TASK
All pictures must be left out as you transcribe the lines from the first line of the data to the line containing "龚辉副校长亲自踏勘了解远程大", both included.

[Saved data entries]

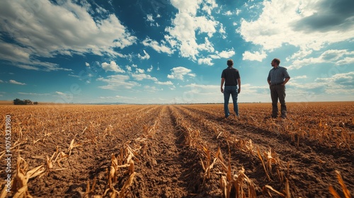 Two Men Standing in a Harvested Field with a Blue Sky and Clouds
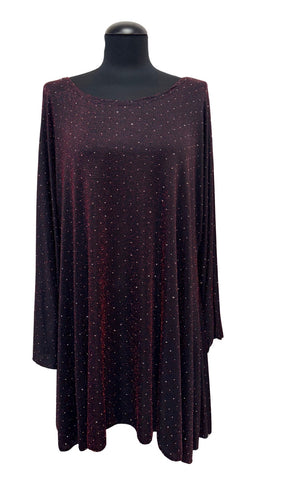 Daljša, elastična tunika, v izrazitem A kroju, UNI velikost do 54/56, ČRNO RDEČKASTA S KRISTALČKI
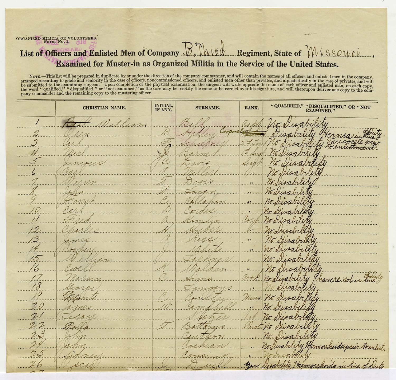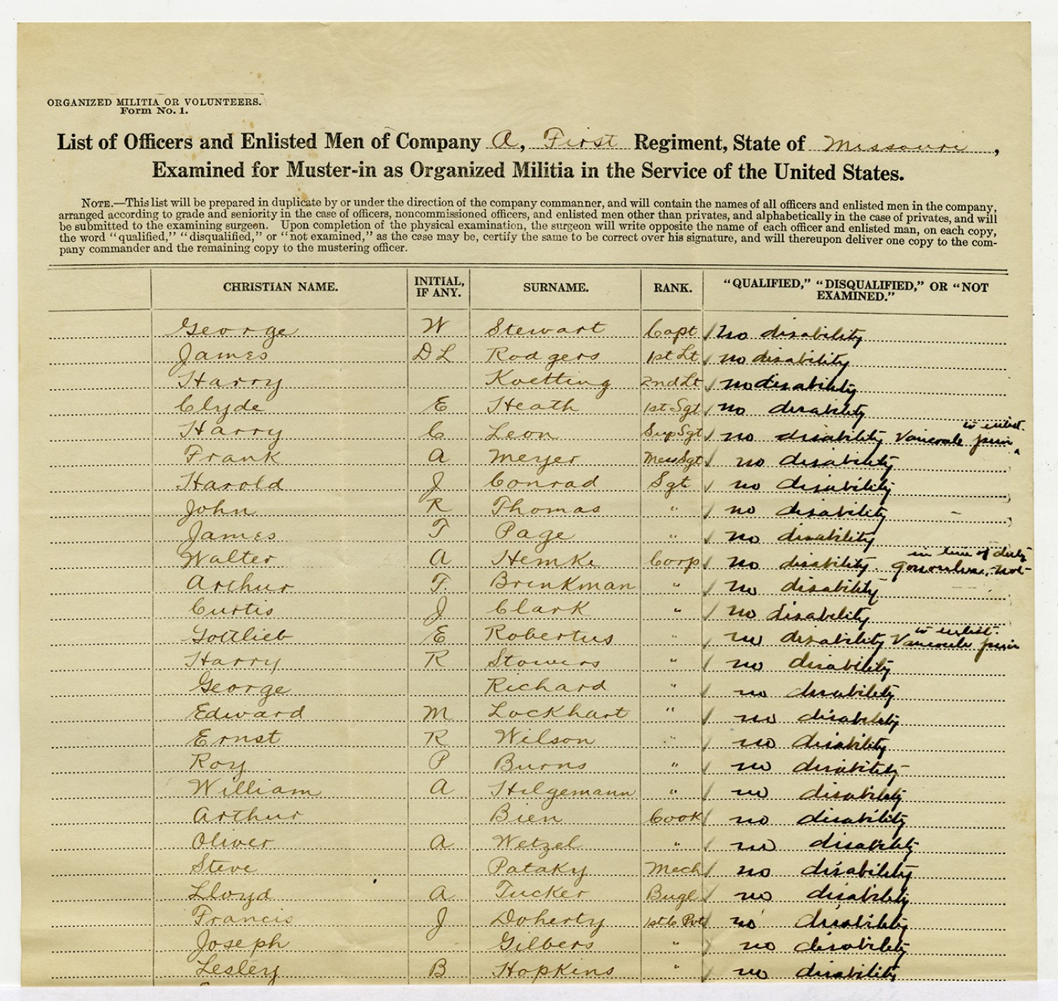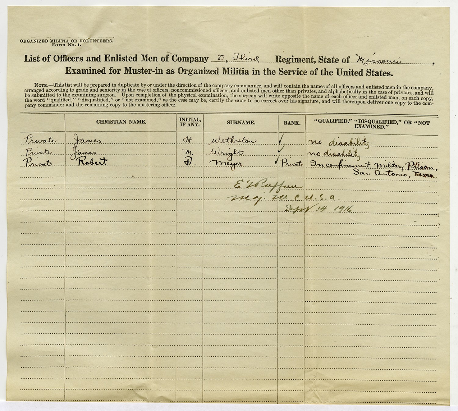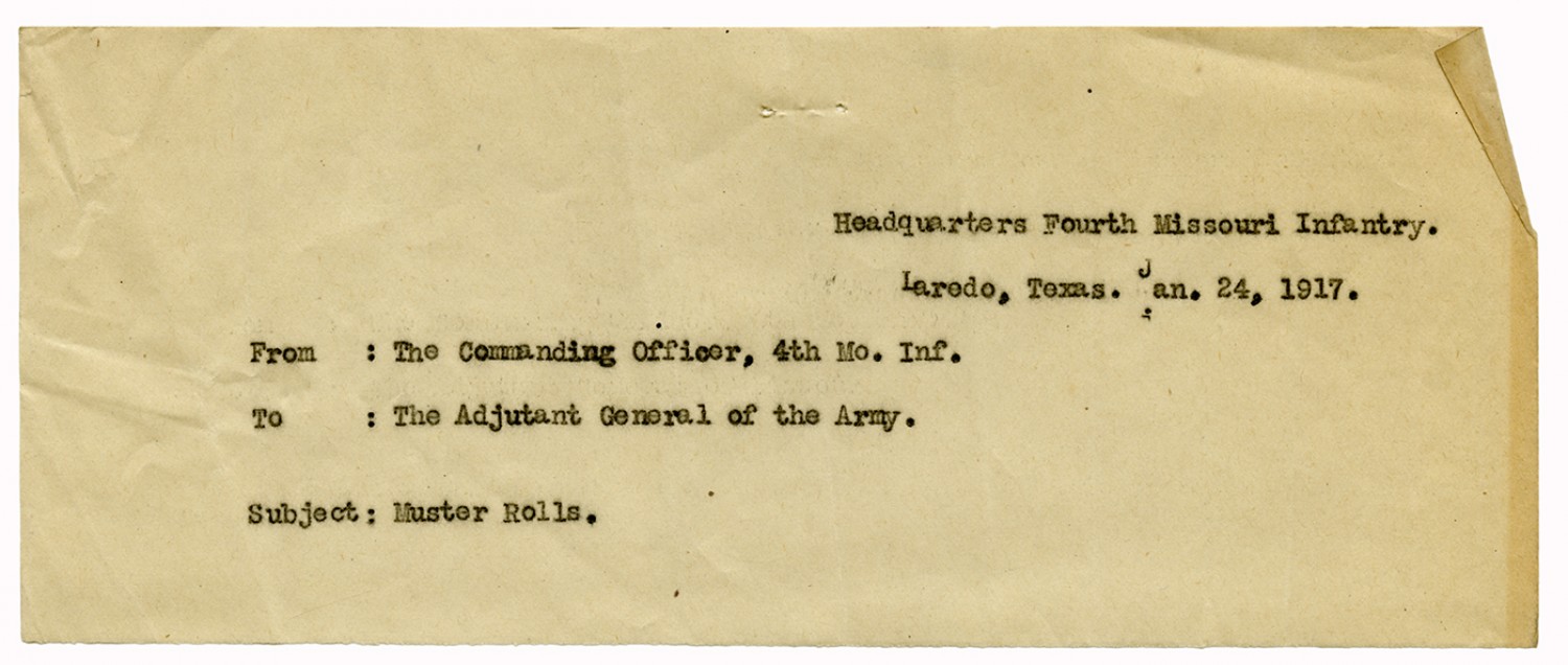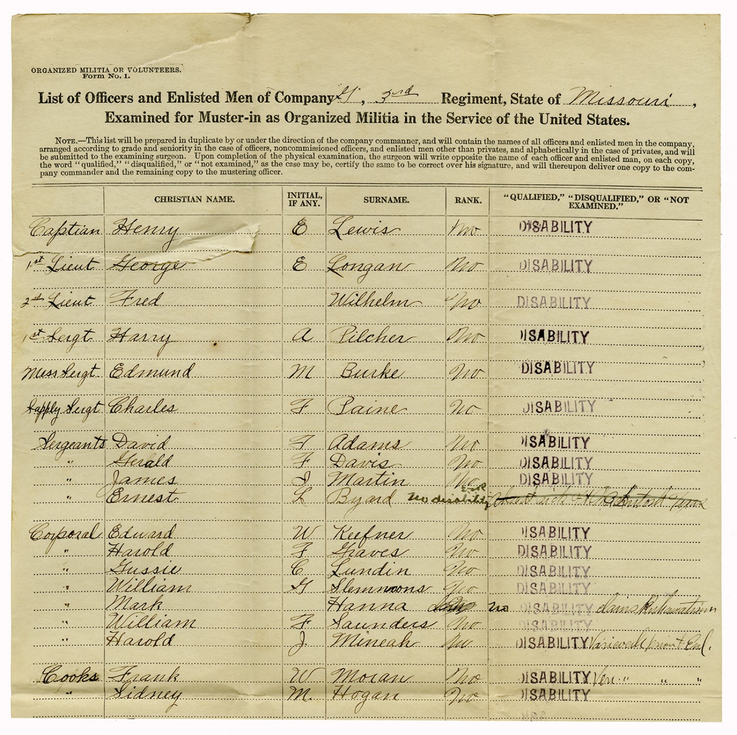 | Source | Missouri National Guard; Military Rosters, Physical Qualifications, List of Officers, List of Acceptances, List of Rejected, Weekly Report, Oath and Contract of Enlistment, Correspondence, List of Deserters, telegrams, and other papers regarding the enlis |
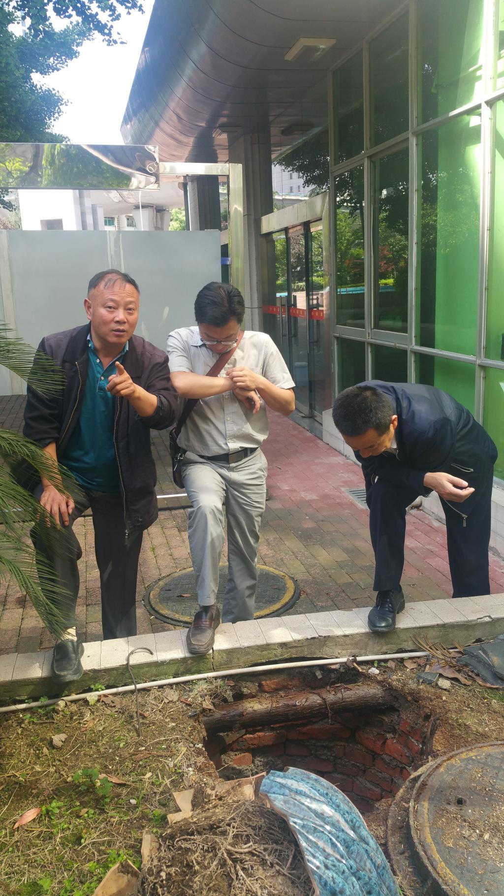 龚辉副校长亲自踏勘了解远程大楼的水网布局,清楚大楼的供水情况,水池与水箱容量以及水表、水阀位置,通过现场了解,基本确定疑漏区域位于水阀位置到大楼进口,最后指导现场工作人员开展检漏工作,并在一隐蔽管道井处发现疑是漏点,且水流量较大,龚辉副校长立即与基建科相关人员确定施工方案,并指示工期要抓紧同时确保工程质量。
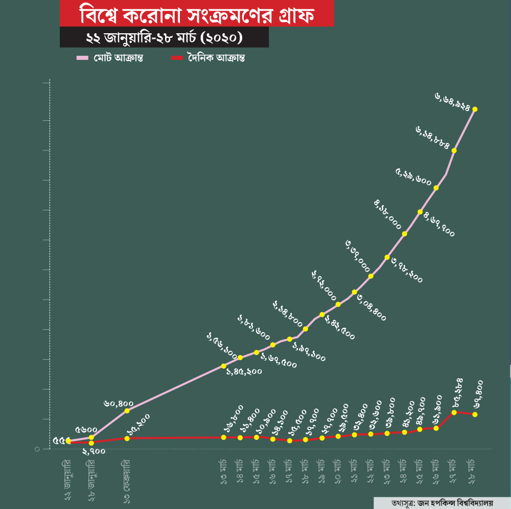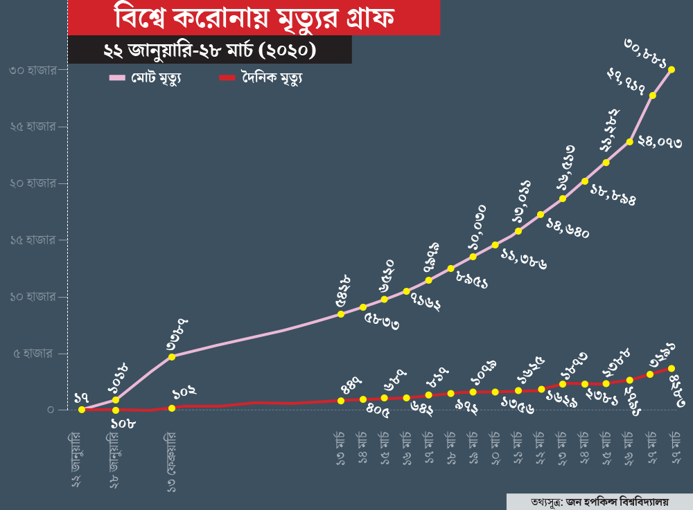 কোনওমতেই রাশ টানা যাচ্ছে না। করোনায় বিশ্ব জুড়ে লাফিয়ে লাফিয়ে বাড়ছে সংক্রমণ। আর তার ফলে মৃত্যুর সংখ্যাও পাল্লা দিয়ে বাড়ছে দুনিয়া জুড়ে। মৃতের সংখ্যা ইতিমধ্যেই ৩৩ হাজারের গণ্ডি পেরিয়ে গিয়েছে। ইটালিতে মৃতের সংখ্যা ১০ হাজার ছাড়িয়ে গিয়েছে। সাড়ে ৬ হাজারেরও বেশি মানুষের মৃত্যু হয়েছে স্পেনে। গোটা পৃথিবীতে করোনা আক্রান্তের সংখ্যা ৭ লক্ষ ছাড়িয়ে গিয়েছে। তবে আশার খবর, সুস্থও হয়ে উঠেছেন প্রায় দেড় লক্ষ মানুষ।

FINISHED EXERCISE
 Two Men Standing in a Harvested Field with a Blue Sky and Clouds
 Daljša, elastična tunika, v izrazitem A kroju, UNI velikost do 54/56, ČRNO RDEČKASTA S KRISTALČKI
 | Source | Missouri National Guard; Military Rosters, Physical Qualifications, List of Officers, List of Acceptances, List of Rejected, Weekly Report, Oath and Contract of Enlistment, Correspondence, List of Deserters, telegrams, and other papers regarding the enlis |
 龚辉副校长亲自踏勘了解远程大楼的水网布局,清楚大楼的供水情况,水池与水箱容量以及水表、水阀位置,通过现场了解,基本确定疑漏区域位于水阀位置到大楼进口,最后指导现场工作人员开展检漏工作,并在一隐蔽管道井处发现疑是漏点,且水流量较大,龚辉副校长立即与基建科相关人员确定施工方案,并指示工期要抓紧同时确保工程质量。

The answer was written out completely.